Lucas (1978), the model implies that individuals with ability above a given threshold will become entrepreneurs, as entrepreneurial profits monotonically increase with ability. Given a threshold z, the probability of becoming an entrepreneur is prob(x > z) = 1 − f(z, λ).
The parameter λ is a shifter of the distribution of talent. It represents the learning opportunities that characterize each location. Hence, individuals who grow up in a high λ region have higher entrepreneurial talent.
The seminal paper of occupational choice and firm size distribution of an economy is Lucas (1978). Individuals have heterogenous one-dimensional abilities as entrepreneurs and choose between entrepreneurship and paid employment. The most talented individuals become entrepreneurs and the less talented ones become workers. The ability differentials across entrepreneurs give rise to different spans of control (firm sizes).
Two main predictions of Lucas’ model are that the mean returns to entrepreneurship are greater than average wages and that the return distributions of entrepreneurs and workers have non-overlapping supports.
These two predictions stand in contrast to empirical evidence on the returns to entrepreneurship. First, the returns to entrepreneurship are found, on average, not to be higher than wages. For example, Hamilton (2000) finds that after 10 years in business the median entrepreneurial earnings are 35 percent less than those on a paid job of the same duration. Similarly, Moskovitz and Vissing-Jorgensen (2002) find that the returns to entrepreneurship are, on average, not different from the return on a diversified publicly traded portfolio—the private equity puzzle. Second, the returns to entrepreneurship are found to be highly variable, more than wages, and more than the returns on public equity (Borjas and Bronars (1989), Hamilton (2000), and Moskovitz and Vissing-Jorgensen (2002)). Hence, the empirical return distributions of entrepreneurs and workers have overlapping supports.

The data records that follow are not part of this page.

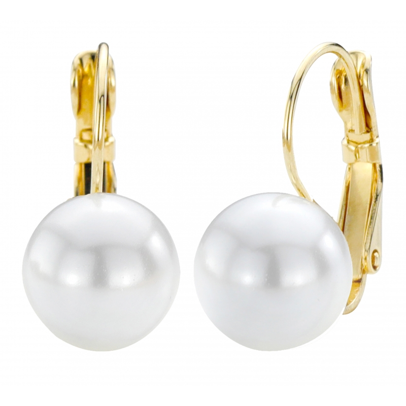 Traveller Oorhangers Brisur - verguld - 10mm parel wit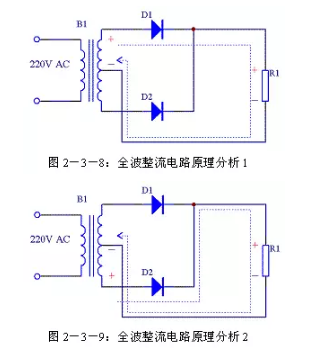 全波整流電路每個整流二極管上流過的電流只是負(fù)載電流的一半,比半波整流小一倍。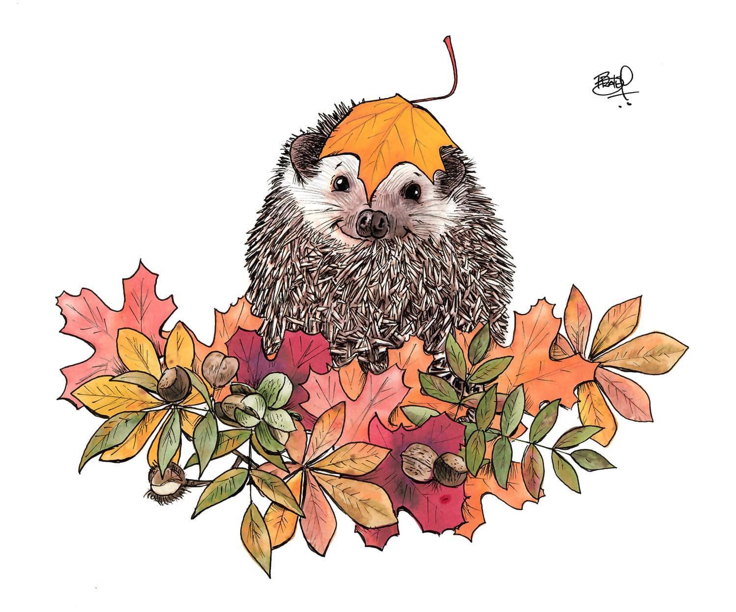 Autumn Hedgy Greeting Card (blank inside) by Shawn Braley Illustration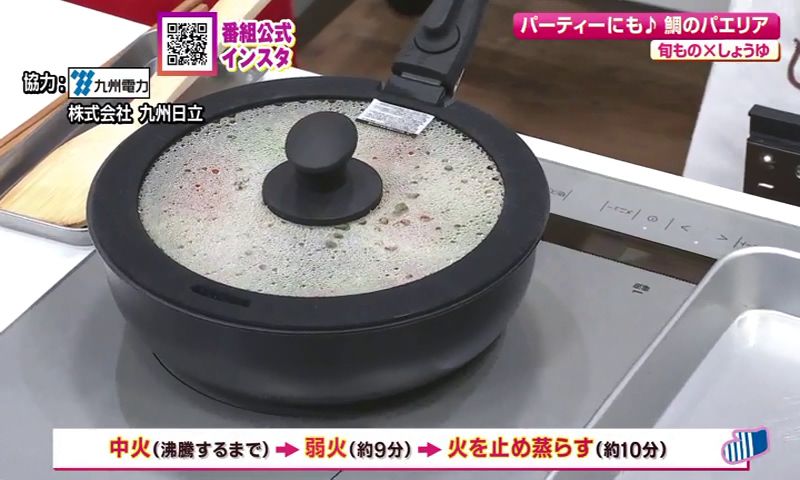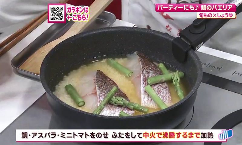 ③鯛、アスパラガス、ミニトマトをのせ、ふたをして中火で沸騰するまで加熱する。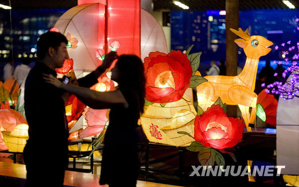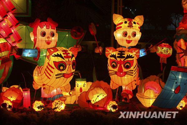 當(dāng)晚,2010臺北燈節(jié)進(jìn)行最后一次燈光調(diào)試,形態(tài)各異的花燈吸引了眾多市民前來賞燈。一年一度的臺北燈節(jié)將從2月26日至3月7日舉辦,陪伴市民歡度虎年元宵佳節(jié)。新華社發(fā)(吳景騰 攝)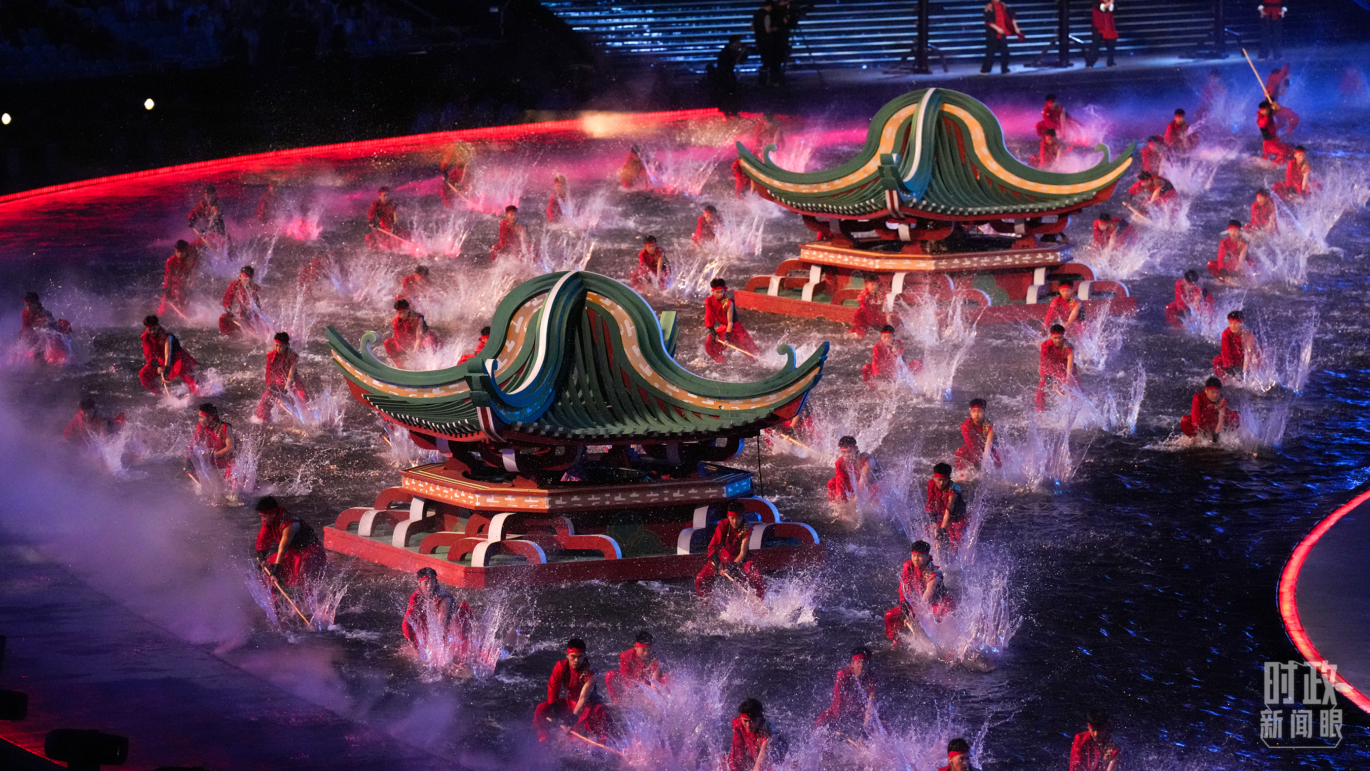 廣東奧體中心內(nèi),一幅運(yùn)用人工智能技術(shù)、展現(xiàn)嶺南瑰麗風(fēng)光的“長卷”徐徐鋪展。開幕式包括入場(chǎng)儀式、奏唱國歌、參賽運(yùn)動(dòng)員等代表宣誓、文體展演、主火炬點(diǎn)燃儀式等多個(gè)環(huán)節(jié)。其中,展現(xiàn)粵港澳三地?cái)y手合辦的“同心”“融合”等元素,成為這場(chǎng)開幕式的一大特點(diǎn)。

However, these representations of the occupational choices of agents are probably adequate for developed countries, where most agents are either entrepreneurs or workers. Nonetheless, these models are an inadequate way of representing the labor force distribution from less developed countries, where an important proportion of the population are self-employed workers. Any research work whose main purpose is to analyze and comprehend the main economic and social problems faced by the poorest people in developing countries must include study self-employment formation
Banerjee and Newman (1993), built a model where self-employment is an occupational choice and the decisions are based on an initial wealth distribution. Because of the existence of a warranty, rich individuals can receive a loan in order become high scale entrepreneurs, while agents located in the middle of the initial wealth distribution receive smaller loans that allows them to enter to self-employment with a low scale production process. On the other hand, agents in the lower end of the wealth distribution, without high enough collateral, can only join wage-employment.

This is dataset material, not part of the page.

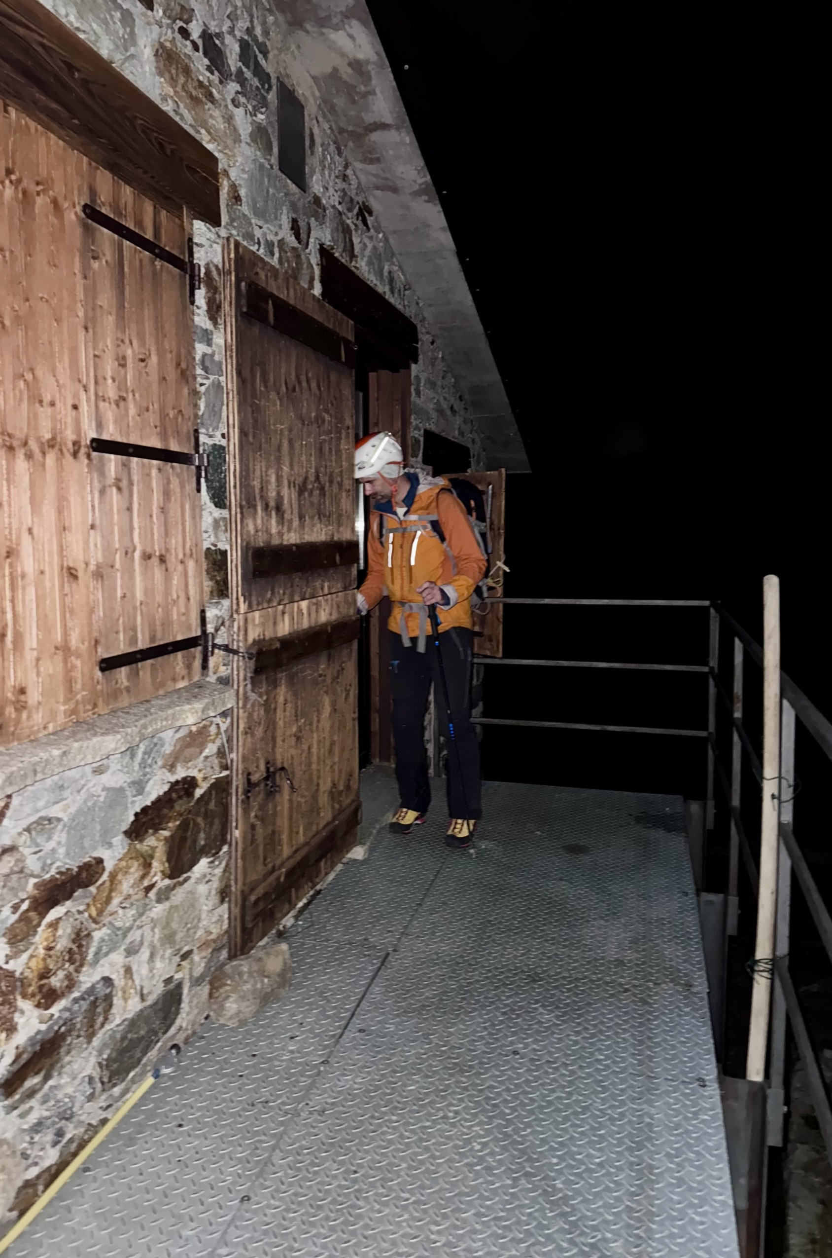 20h50. Deux guides de Valpelline aperçoivent nos frontales sur la moraine et viennent à notre rencontre. Ils prennent nos sacs, la corde ; ils nous aident à gravir les derniers quarante mètres de D+ jusqu’au refuge. Leur geste, simple et humain, me touche. Diego, le gardien — revenu aujourd’hui pour les derniers détails de la fermeture hivernale — nous sert une énorme assiette de pâtes, puis une viande marinée et une purée. Aucune purée n’aura jamais été aussi bonne ! La nuit est agitée ; le sommeil m’échappe. En pleine nuit, je sors prendre de l’air. Les pieds plantés dans la pelouse d’edelweiss, la tête plongée dans la Voie lactée, je respire la lumière pâle de la lune gibbeuse et cela m’apaise. Le sommeil finit par venir.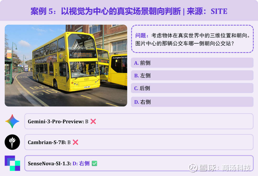 以双层巴士与公交站的场景为题,需避免陷入“英国巴士靠左行驶,因此靠站的是左侧”的常识陷阱,而是通过实际的视觉画面判断方位。Gemini-3-Pro误判 “左侧” 为答案;而 SenseNova-SI-1.3则准确理解 “右侧” 为正确答案。

However, it is important to notice that, in developing countries, an important proportion of agents that have self-employment as their occupational choice, live on economic activities that provide only a subsistence level of income and are poorer than wage earners. Furthermore, some empirical studies show that self-employment, besides been an important and growing sector in some developing countries, it can be found mostly in the lower end of the income distribution. Therefore, it seems that the model developed by Banerjee and Newman (1993) does not accommodate these stylized facts for developing countries.